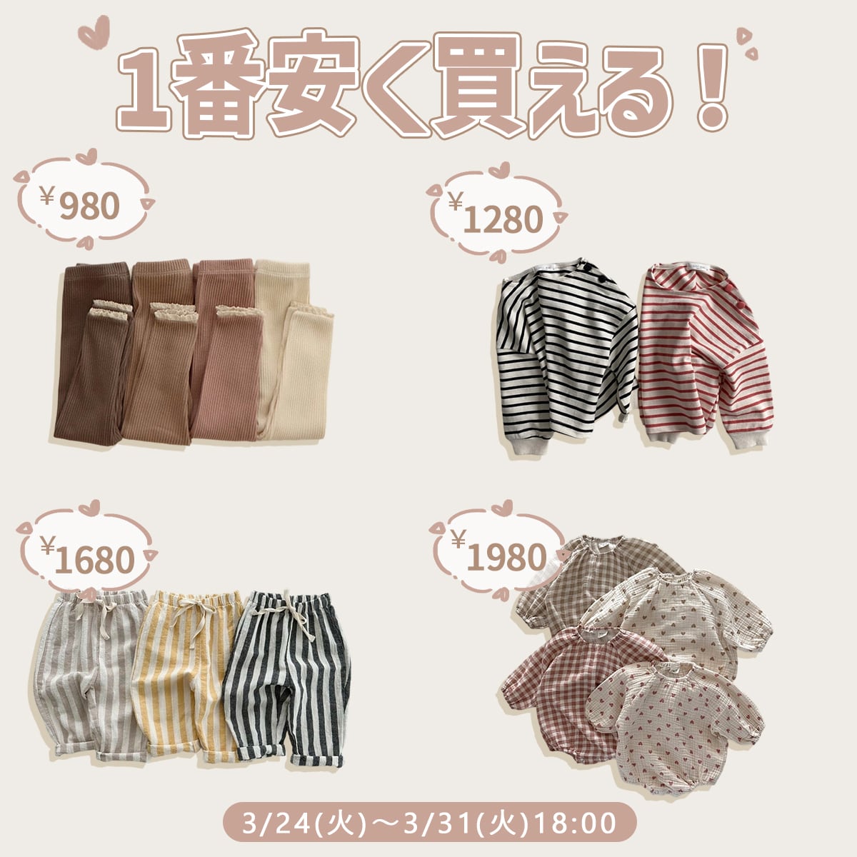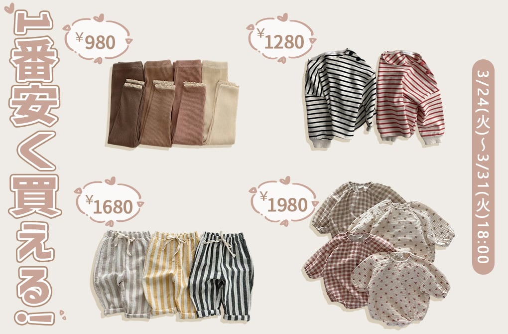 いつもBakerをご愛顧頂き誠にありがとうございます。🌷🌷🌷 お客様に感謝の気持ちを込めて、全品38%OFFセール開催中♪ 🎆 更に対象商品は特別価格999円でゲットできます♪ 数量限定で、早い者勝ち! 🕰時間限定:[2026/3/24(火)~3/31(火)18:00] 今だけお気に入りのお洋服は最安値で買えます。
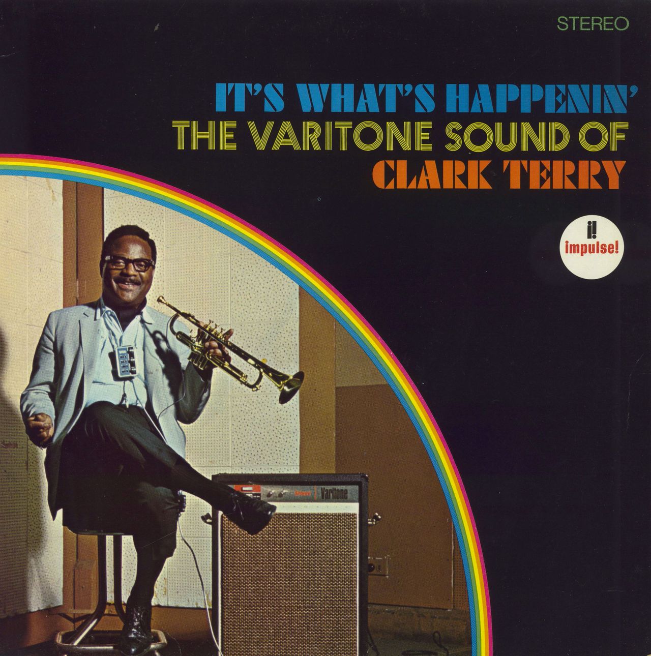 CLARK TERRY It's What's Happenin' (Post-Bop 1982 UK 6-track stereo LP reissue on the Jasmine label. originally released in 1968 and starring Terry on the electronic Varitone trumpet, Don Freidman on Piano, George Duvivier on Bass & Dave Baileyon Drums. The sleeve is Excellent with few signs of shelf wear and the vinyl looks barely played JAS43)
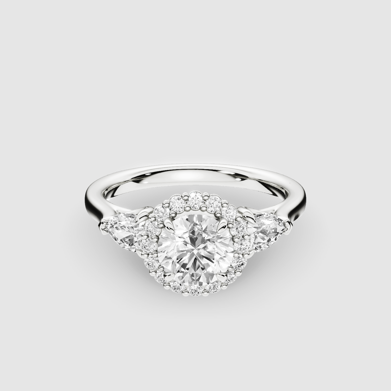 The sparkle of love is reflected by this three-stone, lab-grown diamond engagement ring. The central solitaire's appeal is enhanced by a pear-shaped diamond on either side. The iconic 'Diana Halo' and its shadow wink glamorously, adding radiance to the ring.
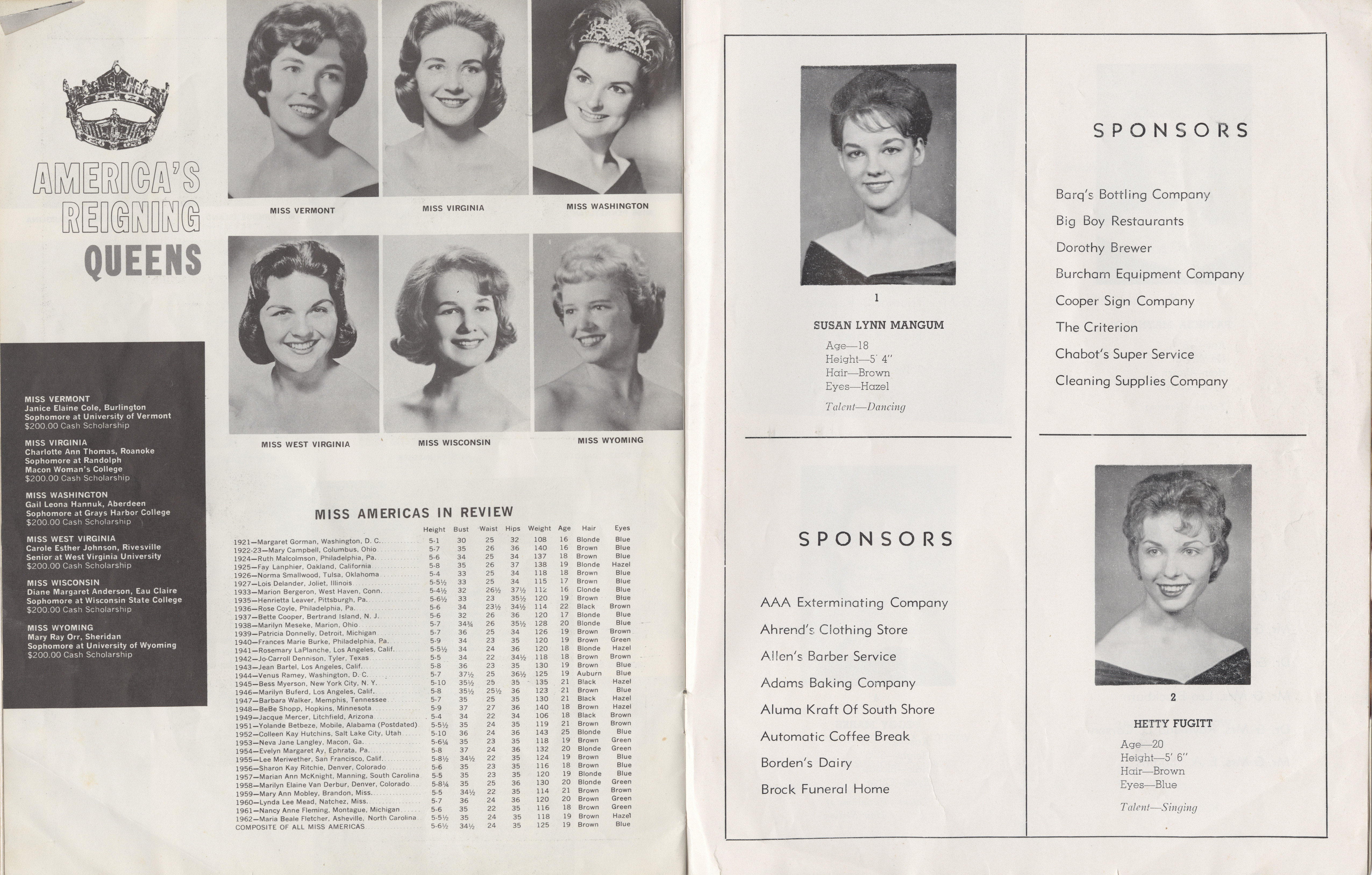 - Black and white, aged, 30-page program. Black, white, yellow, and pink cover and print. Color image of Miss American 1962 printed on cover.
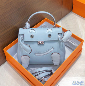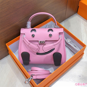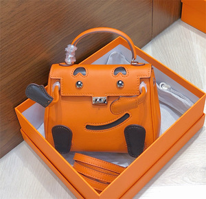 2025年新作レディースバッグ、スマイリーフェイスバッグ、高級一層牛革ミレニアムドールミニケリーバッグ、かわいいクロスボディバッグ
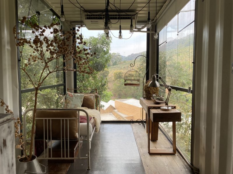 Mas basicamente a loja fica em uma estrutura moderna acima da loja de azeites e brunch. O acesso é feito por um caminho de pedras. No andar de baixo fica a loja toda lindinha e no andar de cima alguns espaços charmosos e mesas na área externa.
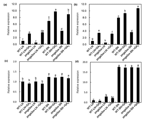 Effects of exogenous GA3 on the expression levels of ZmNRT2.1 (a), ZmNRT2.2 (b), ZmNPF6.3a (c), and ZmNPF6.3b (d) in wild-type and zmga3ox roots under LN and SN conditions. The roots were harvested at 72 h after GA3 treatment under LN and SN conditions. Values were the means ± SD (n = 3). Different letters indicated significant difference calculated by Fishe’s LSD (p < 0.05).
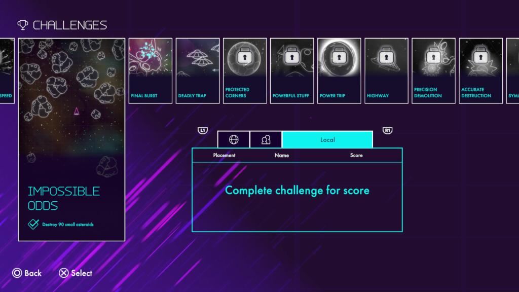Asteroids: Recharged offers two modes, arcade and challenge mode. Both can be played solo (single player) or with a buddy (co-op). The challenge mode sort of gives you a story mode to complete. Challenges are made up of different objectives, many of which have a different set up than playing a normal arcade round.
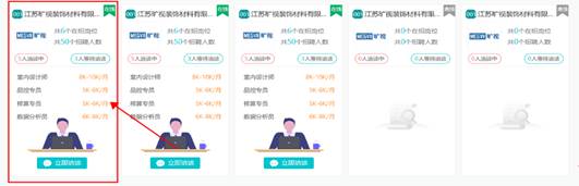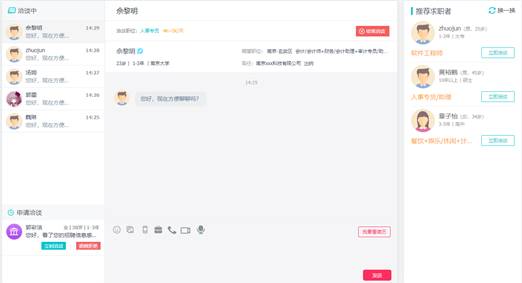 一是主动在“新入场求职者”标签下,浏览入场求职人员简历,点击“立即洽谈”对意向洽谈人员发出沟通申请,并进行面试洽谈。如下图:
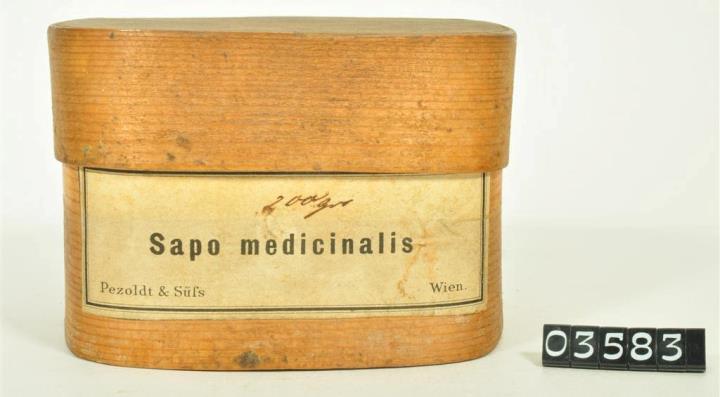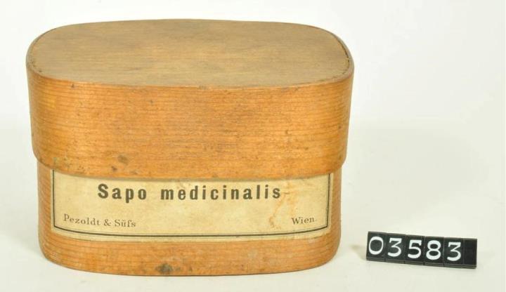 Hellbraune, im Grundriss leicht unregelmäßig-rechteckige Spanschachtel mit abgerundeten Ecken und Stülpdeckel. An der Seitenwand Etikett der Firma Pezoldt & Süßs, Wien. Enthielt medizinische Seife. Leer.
-*-
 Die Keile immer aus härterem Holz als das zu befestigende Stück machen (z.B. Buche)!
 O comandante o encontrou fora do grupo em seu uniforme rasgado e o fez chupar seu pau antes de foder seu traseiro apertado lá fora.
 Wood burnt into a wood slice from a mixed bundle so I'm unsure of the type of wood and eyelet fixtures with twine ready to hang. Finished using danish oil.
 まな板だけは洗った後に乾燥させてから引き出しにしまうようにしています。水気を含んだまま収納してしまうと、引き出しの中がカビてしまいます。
-*-
▸ **DIRECTIONS**
Looking back over the data above, restate word for word the lines that begin at the line with "Wood burnt into" and end at the line with "まな板だけは洗った後に乾燥さ", inclusive.

▸ **EXPECTED OUTPUT**
 Wood burnt into a wood slice from a mixed bundle so I'm unsure of the type of wood and eyelet fixtures with twine ready to hang. Finished using danish oil.
 まな板だけは洗った後に乾燥させてから引き出しにしまうようにしています。水気を含んだまま収納してしまうと、引き出しの中がカビてしまいます。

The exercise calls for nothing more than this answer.